Smith and Wesson replies almost immediately, which is almost a relief. At least he doesn't have to wait in suspense for ages.
smithnwesson: I saw your selfie
smithnwesson: & I go to your school
Castiel pulls his legs up to his chest, rocking back and forth slightly as he digs his toes into his mattress. Someone from school found his tumblr? His private tumblr, with secrets that would kill him to let get out? Oh, god, what does he do?
marvelbutmostlyloki: Who are you?
smithnwesson: Sorry, not giving out my name
marvelbutmostlyloki: What do you want?
smithnwesson: Idk mostly just to say hi
smithnwesson: That's why my first message was hi
smithnwesson: What's up Castiel
marvelbutmostlyloki: Please don't say my name.
smithnwesson: ?
smithnwesson: But I know your name
smithnwesson: Why would I pretend I don't?
smithnwesson: It's not like anyone else is gonna see my tumblr or anything
marvelbutmostlyloki: I still don't want you saying my name. It makes me uncomfortable.
smithnwesson: Y tho
smithnwesson: Unless you're trans and Castiel is your dead name I guess idk
marvelbutmostlyloki: No, I'm not trans, and that's still my name, but it makes me uncomfortable to see it online so please don't use it.
smithnwesson: M'kay whatever
smithnwesson: So you're pansexual?
And then Castiel suddenly doesn't know what to say. He's never told anyone that. Not even his family knows — not that that's surprising; they're super religious. He'd probably never be allowed to look at a guy ever again. But tumblr was supposed to be his safe place, where he could say that. He could put it in his bio, and no one would think less of him for it. He never thought anyone he knew would see it.
marvelbutmostlyloki: What do you want?
smithnwesson: I'm gonna assume that's a yes just cuz it's in your bio
marvelbutmostlyloki: What do you want from me?
smithnwesson: I told you I just wanna talk
marvelbutmostlyloki: Why?
smithnwesson: Idk why not
marvelbutmostlyloki: That's a nice nonanswer.
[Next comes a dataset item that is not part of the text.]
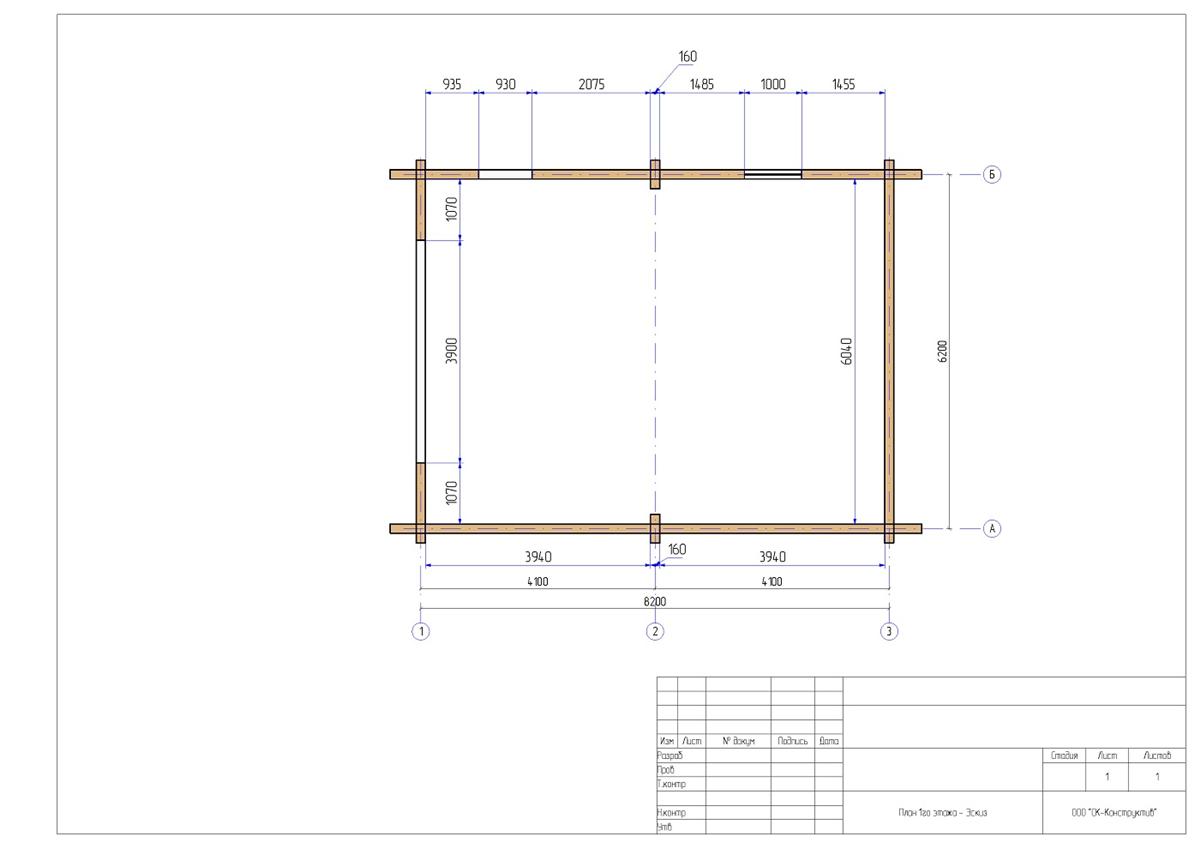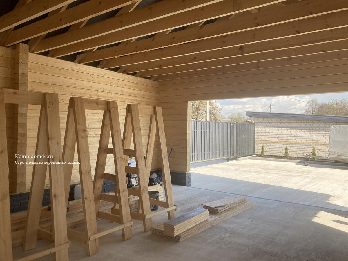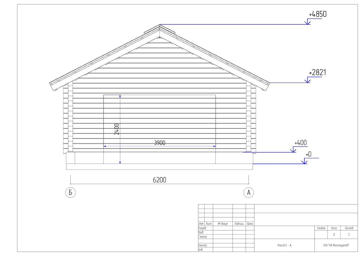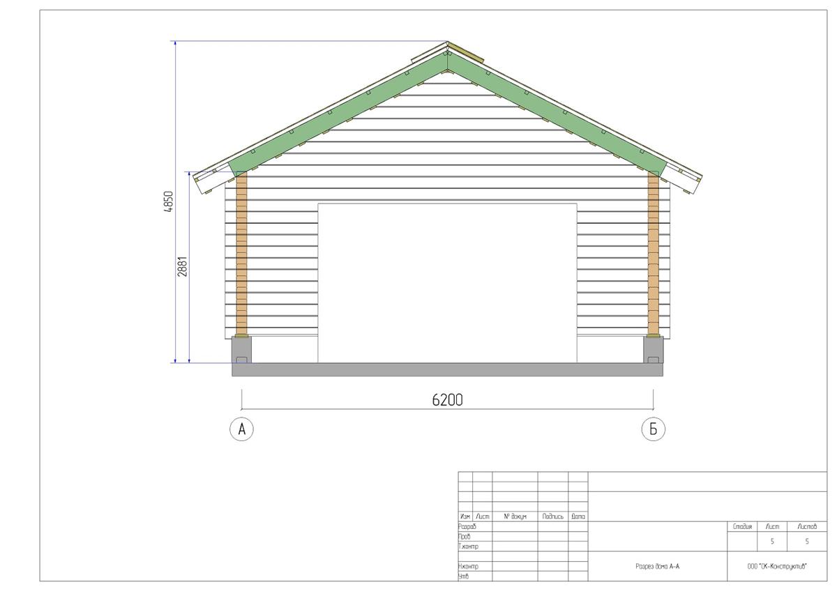 Гараж из клеёного бруса размер 8,2 на 6,2 метра.

I'm going to stop talking to you now.
Castiel quickly heads to his marvel blog page. He edits the word "pansexual" out of his bio, then searches through his tags on his blog to find and delete his face reveal. It may seem a bit too much, but just in case this Smith and Wesson guy wants to out him to the whole school, he wants to get rid of the evidence. Now he just has to hope Smith and Wesson hasn't taken any screenshots.
He starts scrolling through his feed, ignoring the notifications he gets to inform him of his new messages. He reblogs a few gif sets, including a very hot one of Tom Hiddleston — not that there's an ugly gif of Hiddles anywhere.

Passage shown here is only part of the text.